New anti-gay Ugandan bill even broader than previous act

Leaked draft targets funding, ‘promotion’ of ‘unnatural’ sex acts, and trans people


Ugandan human rights activists say they’ve obtained a leaked draft of a parliamentary bill entitled “The Prohibition of Promotion of Unnatural Sexual Practices Bill, 2014.” The document, dated Oct 29, 2014, proposes to penalize “unnatural” sexual acts and the “promotion” and funding of such acts with prison terms ranging from seven to 15 years.
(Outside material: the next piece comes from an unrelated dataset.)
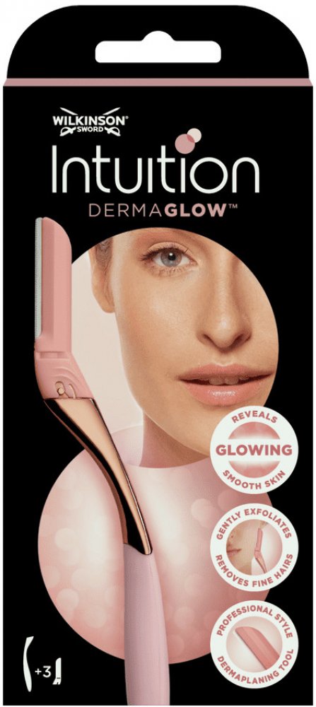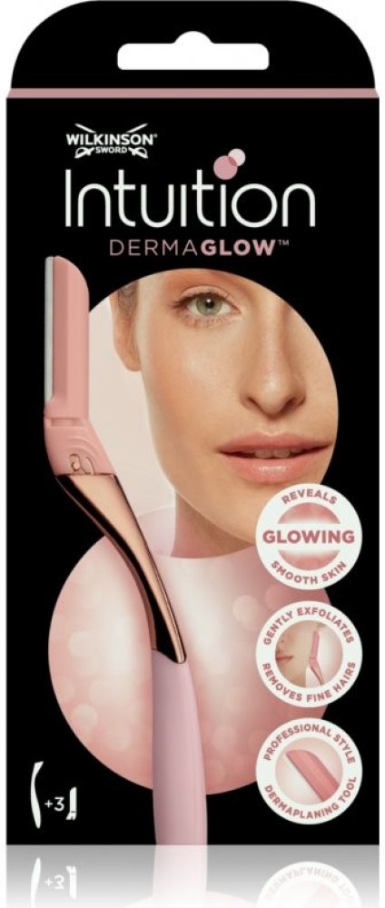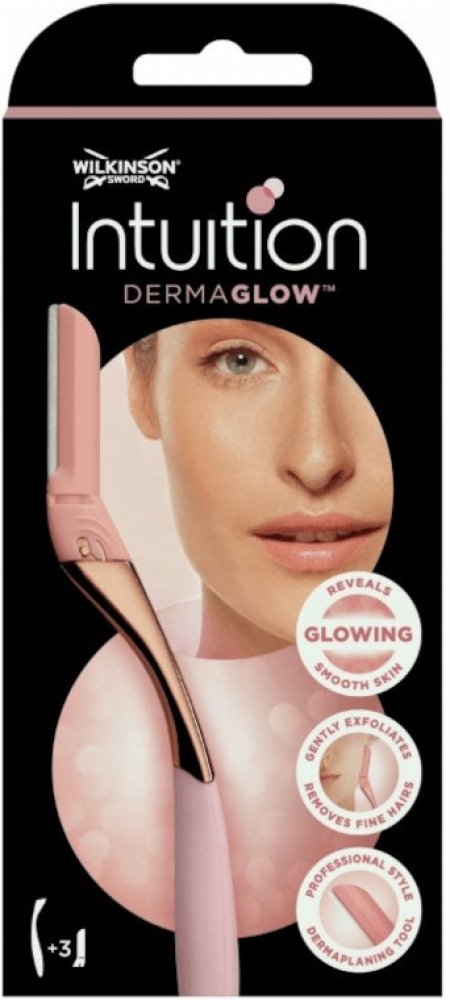 Dámský holicí strojek Wilkinson Intuition DermaGlow pro upravení obočí a ošetření pleti odstraněním jemných chloupků a odumřelé kůže. Žiletka je navržena tak, že její okraje s mikroochrannými kryty brání podráždění odlupováním pouze odumřelé kůže.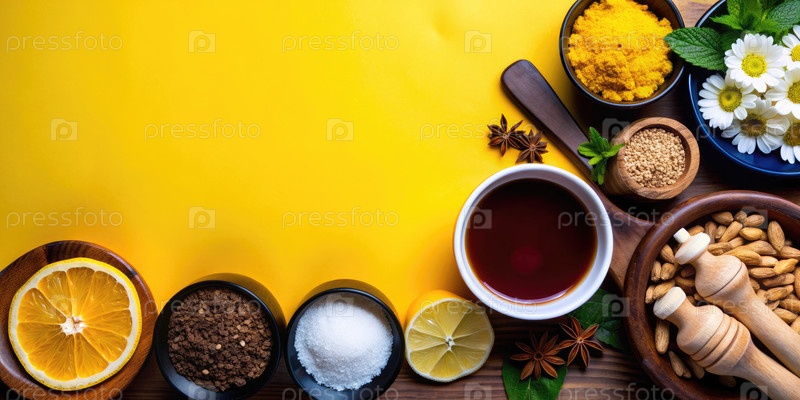 Живое расположение специй и ингредиентов на ярко-желтом фоне

For the first time, sex with trans people is also criminalized.

Jay, a Ugandan trans activist who requested his full name be withheld for safety reasons, says activists obtained the leaked document on Nov 5 through Ugandan human rights lawyer Nicholas Opiyo.

“I have people whom I know in very high circles in government,” Opiyo told Xtra in a Skype interview. “One of them was a member of a committee that was started by the ruling NRM [National Resistance Movement] party. A member of that committee was the one who gave me a copy of the bill. I ran my check with the people who formed the committee, who also confirmed to me the committee had indeed drafted the bill.”

Uganda’s erstwhile Anti-Homosexuality Act (AHA), signed into effect on Feb 24 by President Yoweri Museveni, was struck down in court on Aug 1 on a technicality of insufficient quorum during the parliamentary vote. LGBT activists have expected a reprise of the legislation ever since.

Among the activities penalized in the new draft are the production of publications “likely to facilitate engaging in unnatural sexual practices,” leasing premises to people who engage in “unnatural sexual practices,” and facilitating overseas employment or training of an individual “with the intention of introducing that person to unnatural sexual practices.”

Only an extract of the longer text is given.